Write-Host "Term: $Term"
Write-Host "Denied:"
$Denied

Open in new window

Note that you cannot use the Client property, it does not exist at that point in time, so we have to repeat the $Matches['Clt'].
Avatar of D B

ASKER

I did find Add-Member that allows me to add Database as a new column, but still trying to figure out the matching logic to copy the value of DATABASE from my $ServerClientDatabase array to the $Denied array when I match on CLIENT.
BTW, COBOL/PASCAL/BASIC/VB applies to all three of us, at least age-wise. I never used COBOL, but learned it for fun in my early teen years. Like another dozen programming languages ...
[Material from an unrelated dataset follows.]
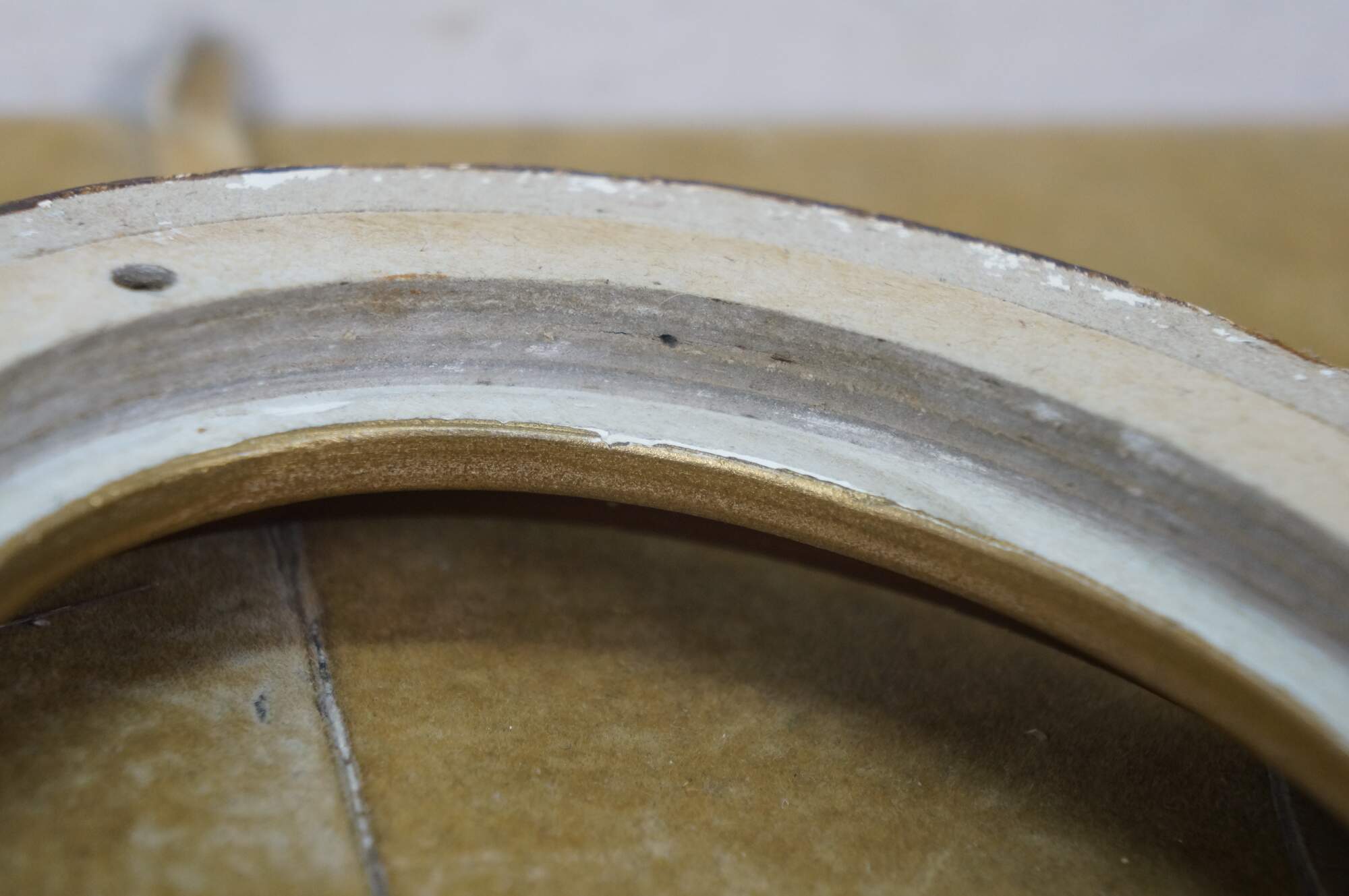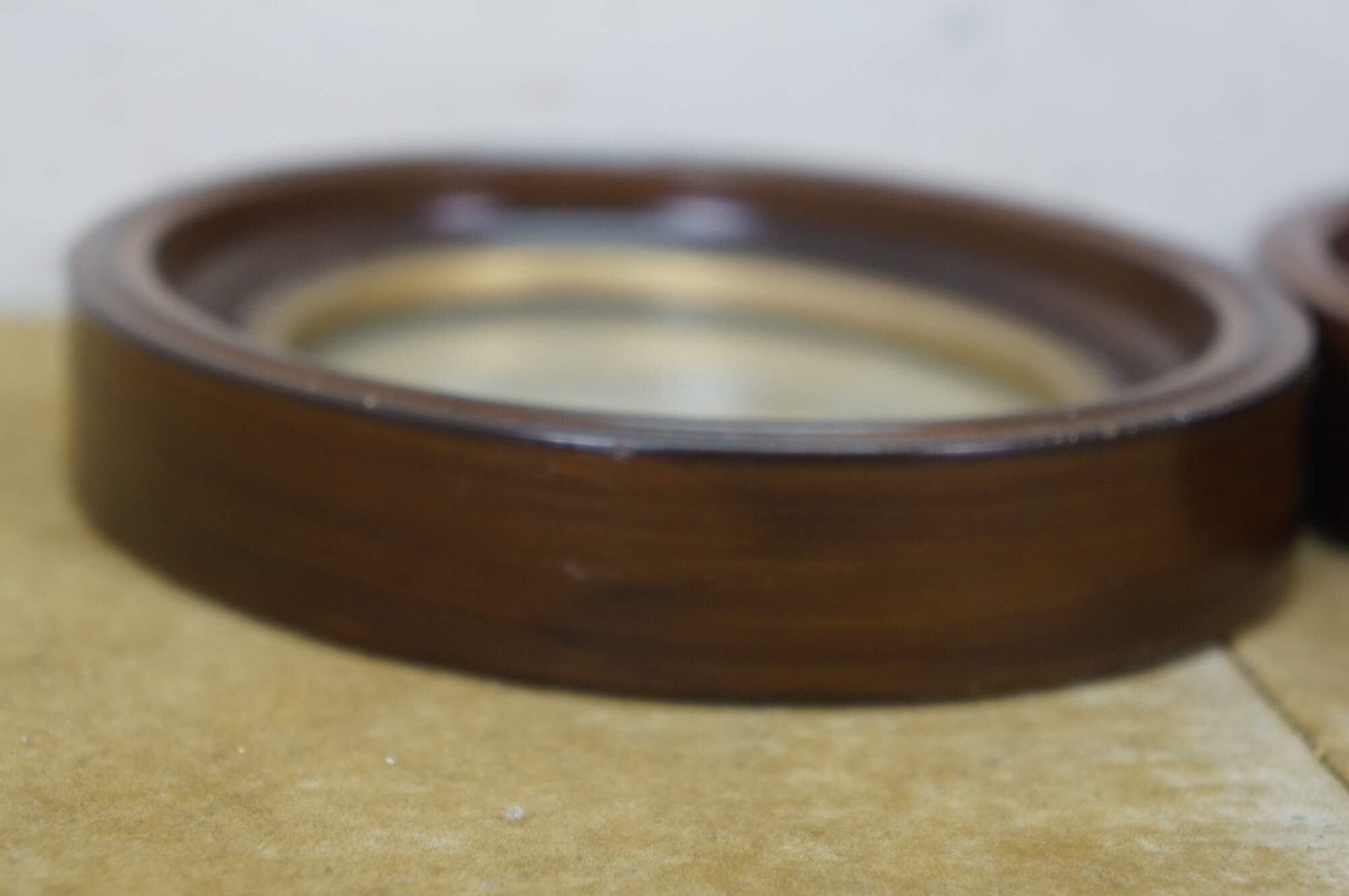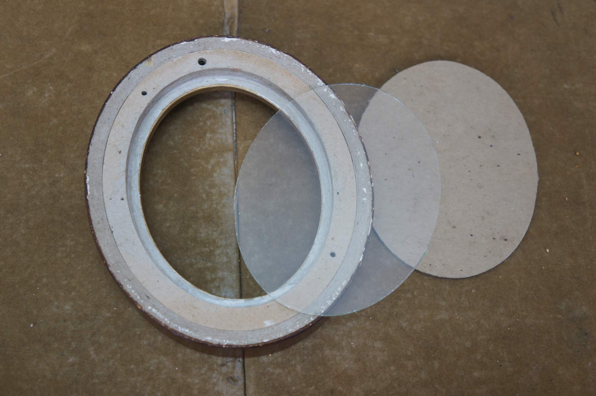 Two vintage brown and gold oval wall mount picture frames.

Using PowerShell effectively is a science for itself. The good news is that you can use it very similar to other programming and scripting languages, and then move to more advanced techniques step by step. It is important to keep in mind there are more effective or flexible ways, but that does not mean you have to use them from the beginning or at all ;-).
Back on topic: If you do not want to change the way you generate your (client, database) array, you'll have to compare "manually":
# Generating test data
$db = @"
client,database
PC1,Db1
PC2,Db2
"@ -split "`n" | convertFrom-CSV

$denied = @"
User_ID,Server,Client
Usr1,Srv1,PC1
Usr2,Srv2,PC2
Usr3,Srv3,PC1
"@ -split "`n" | convertFrom-CSV

foreach ($obj in $denied) {
  $curDB = $db | ? { $_.Client -eq $obj.Client }
  $obj | Add-Member Noteproperty Database $curDB.Database
}
$Denied

Open in new window

Avatar of D B

ASKER

For fairness, I've asked a new question. I tried (which I prefer) your initial method of adding it inside the loop that builds the array, but didn't get any results.
Avatar of D B

ASKER

I'm wondering if the issue might be Database = $db[$Matches['Clt']]
since the $db table contains ctl (actually client_id, but I changed the code accordingly) and the element I am wanting from thethe table is db_name when I match client_id, but I am not seeing that referenced.
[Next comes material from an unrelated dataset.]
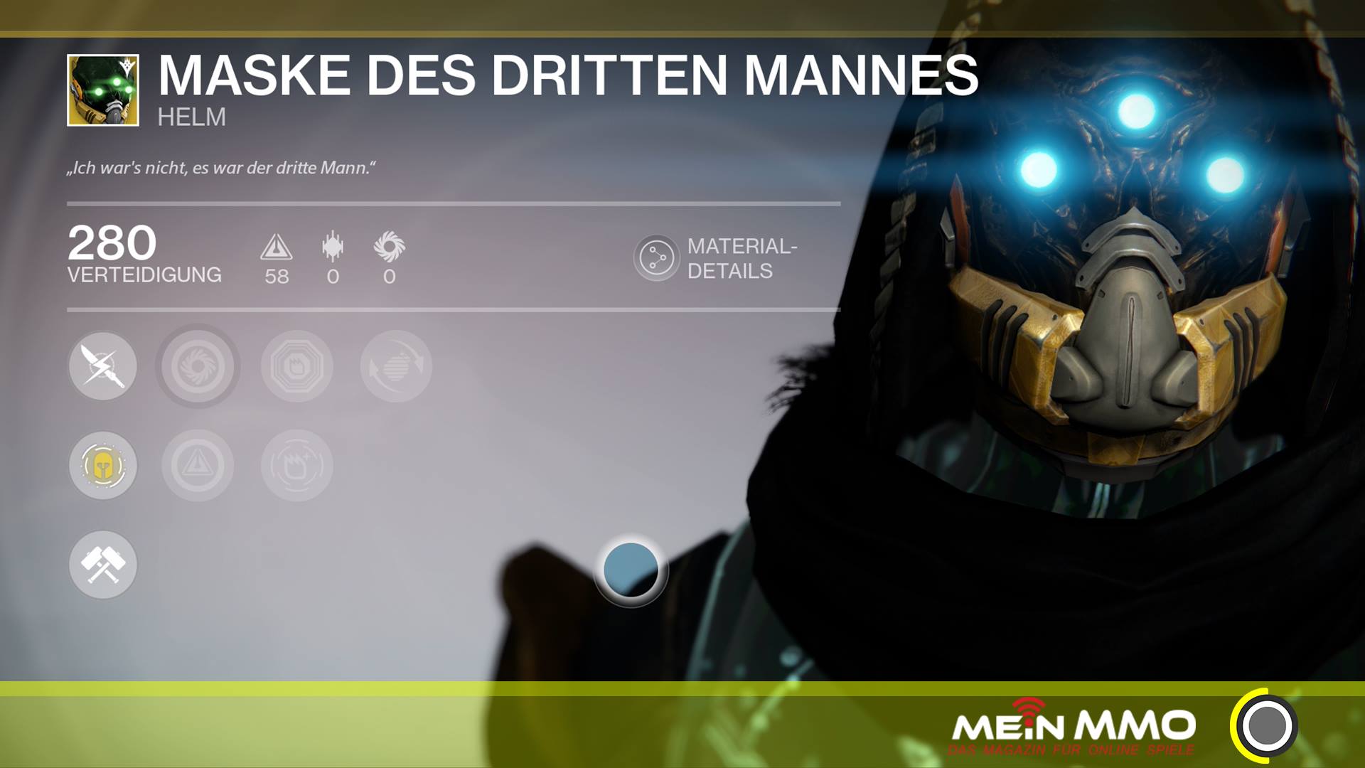 Hunters can get the helmet Mask of the Third Man on offer. 58 Intelligence.

I am going to close this question and award points. Feel free to post the solution in the new question.
Avatar of D B

ASKER

I am splitting points between aikimark and Qlemo. I originally went with aikimark's solution as, for me, and I believe the rest of the team, it will be easier to understand. However, QLemo's provides some benefits, especially in light of the subsequent question I asked and have linked to, so it may end up being what I implement, with a lot of comments for us non PowerShelll guru types who will have to subsequently maintain it. Unlike most developers, I love commenting my code :-)
I still don't know if your file has headers or not.  The Import-CSV statement will be different if it does have headers as will any columnar/field references in the script.
aikimark, as I have said it does not matter here as long as the switch will not have a hit. You provide the headers with import-csv, and so (a) know the header names and (b) get headers, should they be included in the CSV file, as first line of data. Usually that makes a big difference, but we are lucky here.
@Q

If the file did have headers, it is possible that the first row might cause a logic error in the script.
... which conditions have been described by me.